• How to complete this task
Nothing but the images is to be left out of your exact copy of the entries.

Entries taken from a collection
--- --- ---

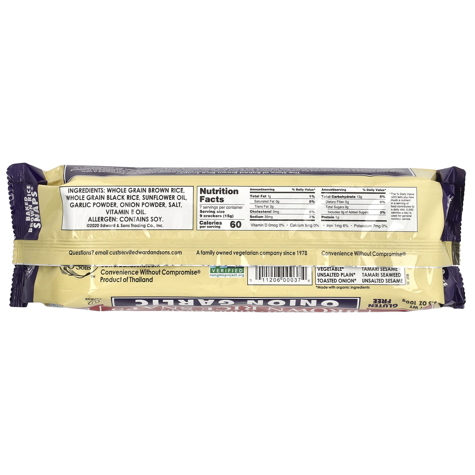 В 1978 году компания Edward & Sons представила первые в мире батончики из запеченного коричневого риса. Они стали первопроходцами нового поколения в производстве полезных для здоровья закусок из цельного зерна без глютена. Ассорти из коричневого риса, которые вы держите в руках, выпекали в Таиланде из цельнозернового коричневого риса, который мы очищаем и перемалываем в муку мелкого помола. Мы добавляем полезные семена, приправы или овощные порошки, чтобы приготовить кусочки из коричневого риса. Исключительно хрустящие и вкусные батончики из запеченного коричневого риса от Edward & Sons восхитительны прямо из упаковки и достаточно элегантны, чтобы их можно было развлечь. Подавайте запеченные батончики из коричневого риса с любимыми дип-соусами или добавьте к ним намазку, чтобы украсить любое мероприятие. Наслаждайтесь!
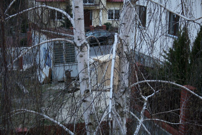 Na przydomowej brzozie często siadywały ptaszki, głównie sikorki bogatki, zwracając naszą uwagę swoim popiskiwaniem. W pewnym momencie padł pomysł – budujemy budkę! Akcja musiała być szybka ponieważ ptaszki lada chwila będą szukały miejsca na budowę gniazdka. Deseczka zakupiona w pobliskim tartaku, trochę narzędzi i lekko zmodyfikowany projekt znaleziony w internecie przerodził się w ciągu godziny w całkiem ładny domek. Budka wisi już na brzózce, a my mamy nadzieję, że jakaś ptasia rodzinka się do niego wkrótce wprowadzi. :-)
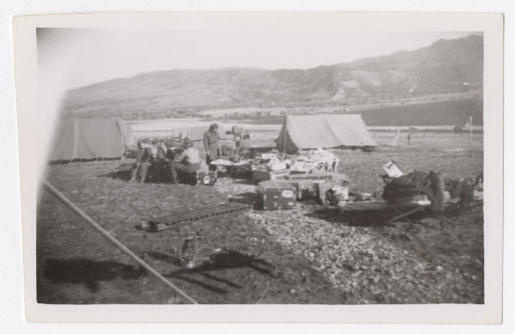 Cette photographie illustre des femmes militaires assises sur des valises dans un campement. On observe au premier plan une lampe à l'huile ainsi que plusieurs valises et bagages. En arrière-plan, on voit deux tentes, quelques champs et une montagne. Cette photographie a été prise entre les années 1939 et 1945
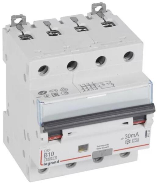 DX3 4P kombinált áram-védőkapcsoló B13 6000A / 10kA 30mA (LEG-411356)
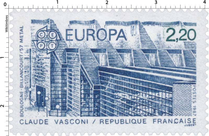 | Description | Architecture. Boulogne Billancourt par Claude Vasconi, né en 1940 à Rosheim en Alsace, représentation du bâtiment 57 métal de la Régie Renault à Billancourt |
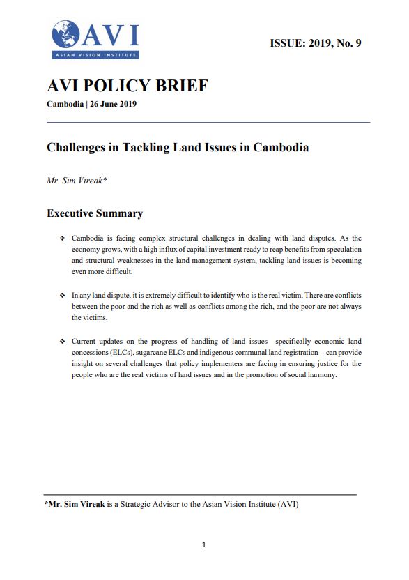 AVI POLICY BRIEF ISSUE: 2019, No. 9 | Challenges in Tackling Land Issues in Cambodia
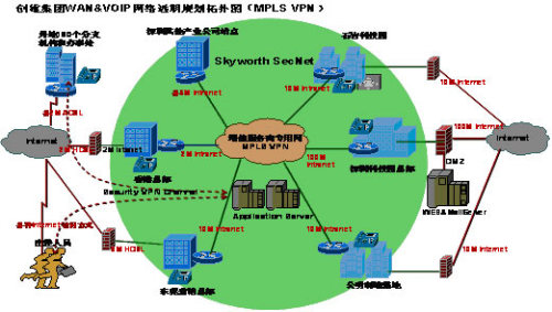 創(chuàng)維集團現(xiàn)有數(shù)據(jù)網(wǎng)絡通信架構如下

--- --- ---

• Result for this exercise
 В 1978 году компания Edward & Sons представила первые в мире батончики из запеченного коричневого риса. Они стали первопроходцами нового поколения в производстве полезных для здоровья закусок из цельного зерна без глютена. Ассорти из коричневого риса, которые вы держите в руках, выпекали в Таиланде из цельнозернового коричневого риса, который мы очищаем и перемалываем в муку мелкого помола. Мы добавляем полезные семена, приправы или овощные порошки, чтобы приготовить кусочки из коричневого риса. Исключительно хрустящие и вкусные батончики из запеченного коричневого риса от Edward & Sons восхитительны прямо из упаковки и достаточно элегантны, чтобы их можно было развлечь. Подавайте запеченные батончики из коричневого риса с любимыми дип-соусами или добавьте к ним намазку, чтобы украсить любое мероприятие. Наслаждайтесь!
 Na przydomowej brzozie często siadywały ptaszki, głównie sikorki bogatki, zwracając naszą uwagę swoim popiskiwaniem. W pewnym momencie padł pomysł – budujemy budkę! Akcja musiała być szybka ponieważ ptaszki lada chwila będą szukały miejsca na budowę gniazdka. Deseczka zakupiona w pobliskim tartaku, trochę narzędzi i lekko zmodyfikowany projekt znaleziony w internecie przerodził się w ciągu godziny w całkiem ładny domek. Budka wisi już na brzózce, a my mamy nadzieję, że jakaś ptasia rodzinka się do niego wkrótce wprowadzi. :-)
 Cette photographie illustre des femmes militaires assises sur des valises dans un campement. On observe au premier plan une lampe à l'huile ainsi que plusieurs valises et bagages. En arrière-plan, on voit deux tentes, quelques champs et une montagne. Cette photographie a été prise entre les années 1939 et 1945
 DX3 4P kombinált áram-védőkapcsoló B13 6000A / 10kA 30mA (LEG-411356)
 | Description | Architecture. Boulogne Billancourt par Claude Vasconi, né en 1940 à Rosheim en Alsace, représentation du bâtiment 57 métal de la Régie Renault à Billancourt |
 AVI POLICY BRIEF ISSUE: 2019, No. 9 | Challenges in Tackling Land Issues in Cambodia
 創(chuàng)維集團現(xiàn)有數(shù)據(jù)網(wǎng)絡通信架構如下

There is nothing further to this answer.